The ratings reflect US Liability’s strong capitalization,
outstanding long-term operating profitability and the advantages
derived from management’s proven underwriting discipline. A.M. Best
also recognizes the implicit and explicit financial support
provided by its ultimate parent, Berkshire, and the added financial
flexibility afforded by a Berkshire subsidiary as demonstrated in
2007.
As of January 1, 2007, each member of the group entered into a
50% loss portfolio transfer agreement and a 50% quota share
reinsurance agreement with an affiliate, National Indemnity
Company (Omaha, NE), an indirectly owned subsidiary of
Berkshire. The effect of these transactions led to a substantial
reduction in the group’s underwriting leverage, which then helped
to facilitate the extraordinary stockholder dividend taken that
year.
Offsetting these positive rating factors is US Liability’s high
investment leverage exhibited by the level of unrealized gains and
losses reported in 2008 and 2009 due to the global financial
crisis, the asset concentration risk associated with a limited
number of common stock holdings and multiple notes held by one
issuer, and the group’s dependence on a single method of
distribution source, the professional wholesaler.

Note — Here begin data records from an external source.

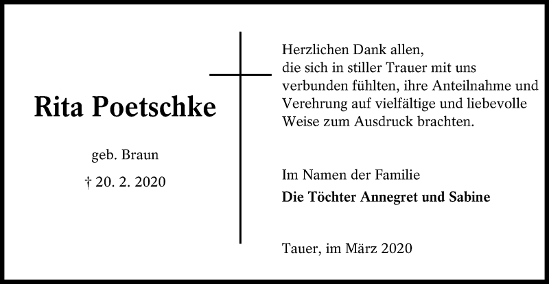 Hier finden Sie alle Traueranzeigen aus der Zeitung, die bisher für Rita Poetschke erschienen sind. Weitere Traueranzeigen, die in der Zeitung erscheinen, werden hier ebenfalls aufgelistet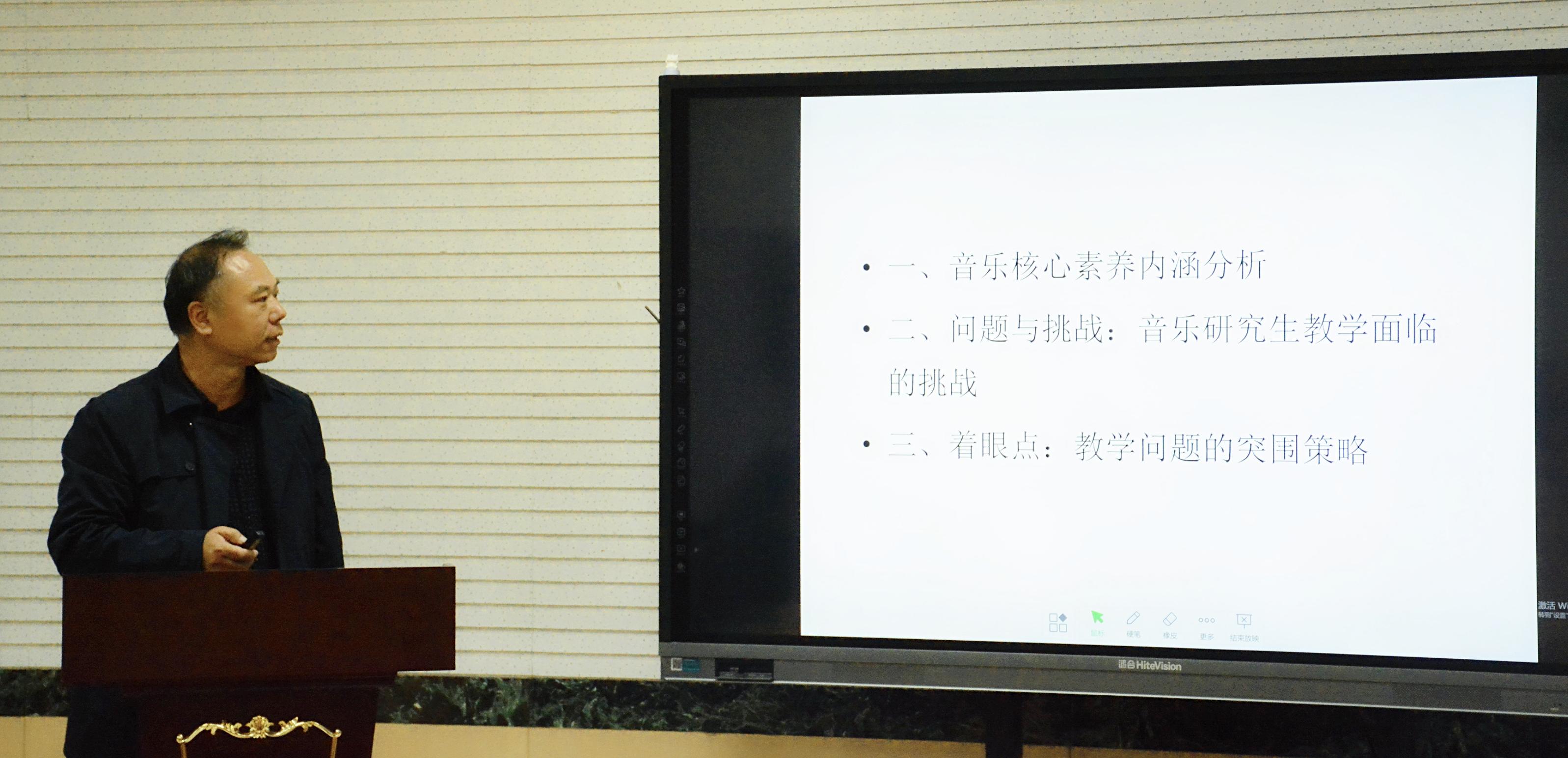 王建成副院长着重从核心素养的内涵培养进行阐述,提出“1+X”的音乐技能构成要素,指出教学中存在“三个分离”——理论与实践分离、专业与文化分离、教学与学术分离的情况,分析了音乐专业学位研究生教学所面临的问题与挑战,并提出相应的应对策略。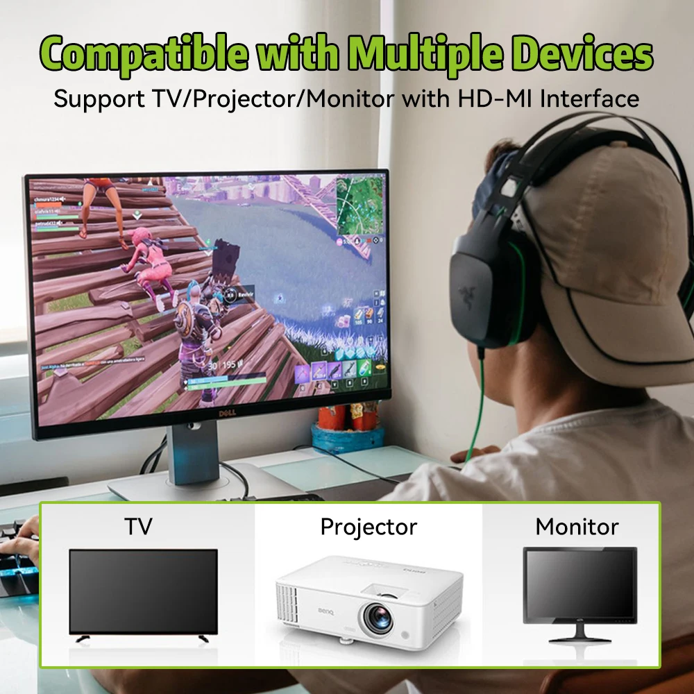 HD compatible, supports devices such as monitors/TVs and projectors with HDMI input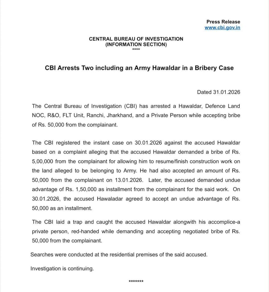 Ranchi, January 31, 2026: The Central Bureau of Investigation (CBI) has successfully apprehended an Army Hawaldar and a private individual in Ranchi, Jharkhand, for their involvement in a bribery case. The Hawaldar, stationed at the Defence Land NOC, R&O, FLT Unit, was caught red-handed alongside his accomplice while accepting an installment of Rs. 50,000 from a complainant.

Notwithstanding,
the rating outlook reflects the group’s strong risk-adjusted
capitalization, outstanding historic operating profitability and
favorable near-term and long-term prospects.
The FSR of A++ (Superior) and ICRs of “aa+” have been affirmed
for United States Liability Insurance Group and its
following members:
- Mount Vernon Fire Insurance
Company
- U.S. Underwriters Insurance
Company
- United States Liability
Insurance Company
For Best’s Credit Ratings, an overview of the rating process and
rating methodologies, please visit www.ambest.com/ratings.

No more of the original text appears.